Several environmental organizations joined the lawsuit on the side of the Forest Service in defending the Bitterroot National Forest Travel Plan. Earthjustice argued the case on behalf of a broad coalition of Montanans including Friends of the Bitterroot, Hellgate Hunters and Anglers, Missoula Back Country Horsemen, Montana Wilderness Association, Selway-Pintler Wilderness Back Country Horsemen, WildEarth Guardians, and Winter Wildlands Alliance.
“The wilderness-quality lands the Travel Plan protects are important to people from all walks of life in the Bitterroot valley including hunters, fishermen, horsepackers, hikers, and skiers,” said Tim Preso, Earthjustice attorney. “The court’s decision ensures that these special places will continue to support elk and other wildlife and provide Montanans with outstanding opportunities for solitude and quiet recreation for years to come.”
“Friends of the Bitterroot is extremely pleased with this victory in court protecting mountain goats, wolverine, lynx and grizzly bears from the clear and present threats posed by motorized and mechanized recreation in Wilderness Study and Recommended Wilderness Areas on the Bitterroot National Forest,” said Larry Campbell, FOB Conservation Director. “FOB has persevered for over two decades to finally see iconic and rare wildlife given the protection they need for survival. There’s still plenty of places for people to play.”
“Today’s victory is a win for wild places and a clear rebuke of the challenge from motorized activists and those opposed to protecting wildlife habitat,” said Adam Rissien with WildEarth Guardians. “The Forest Service can now firmly reject political meddling from Sen. Daines who pressured the agency to ignore safeguards enacted in Montana’s 1977 Wilderness Study Act.”
“This plan was eight years in the making and informed by hundreds of Montanans who asked the Forest Service to protect habitat for wildlife; to ensure the headwaters of the Bitterroot River and Rock Creek remain clean and cold and its wild trout populations healthy; and to practice true multiple use in the Bitterroot National Forest,” said Erin Clark, western Montana field director with Montana Wilderness Association. “The plan leaves one third of the Forest open to snowmobiling and over 2,000 miles of road and trail open to mountain biking while adhering to the spirit and law of the Montana Wilderness Study Act.”

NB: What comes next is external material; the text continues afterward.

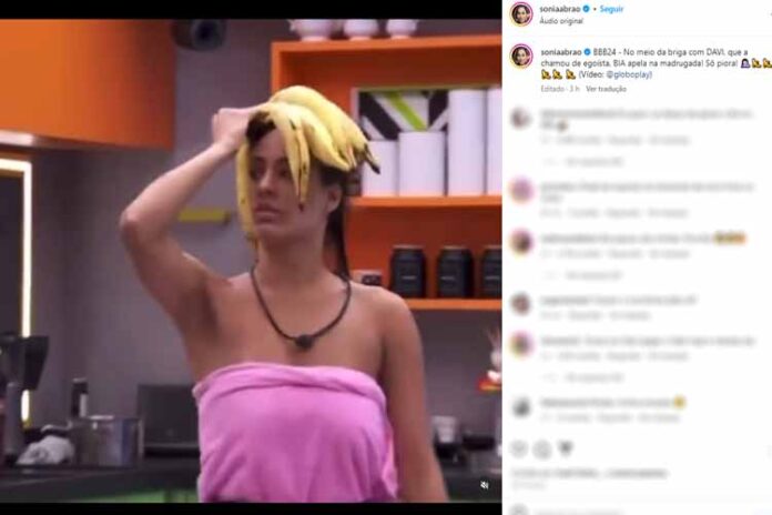 Sonia Abrão compartilhou um vídeo em que Bia aparece com uma casca de banana na cabeça durante a madrugada e a criticou, voltando a afirmar que Davi estava certo em seu argumento durante a dinâmica.

“Today’s ruling ensures that wild lands on the Bitterroot National Forest will remain protected in all seasons, providing refuge for wildlife and opportunities for human-powered winter adventure,” said Hilary Eisen, policy director with Winter Wildlands Alliance. “The plan strikes a fair balance between providing opportunities for snowmobiling and preserving quiet places for skiers, snowshoers, and others who seek opportunities for solitude and prefer to enjoy the backcountry at a slower pace. We’re pleased that the Court has upheld this balance.”
“The Backcountry Horsemen are delighted that these special areas will continue to be enjoyed for their quiet beauty and primitive travel by foot or horse,” said Dan Harper, vice president of the Backcountry Horsemen of Missoula Chapter.
“This ruling is a long-awaited victory for Montana’s wildlife and our conservation community,” said Walker Conyngham, president of Missoula-based Hellgate Hunters & Anglers. “Sportsmen and women recognize that the species we rely upon deserve healthy, undisturbed habitat in order to thrive. We look to this ruling as a clear precedent for preserving valuable wildlife sanctuaries like our wilderness study areas.”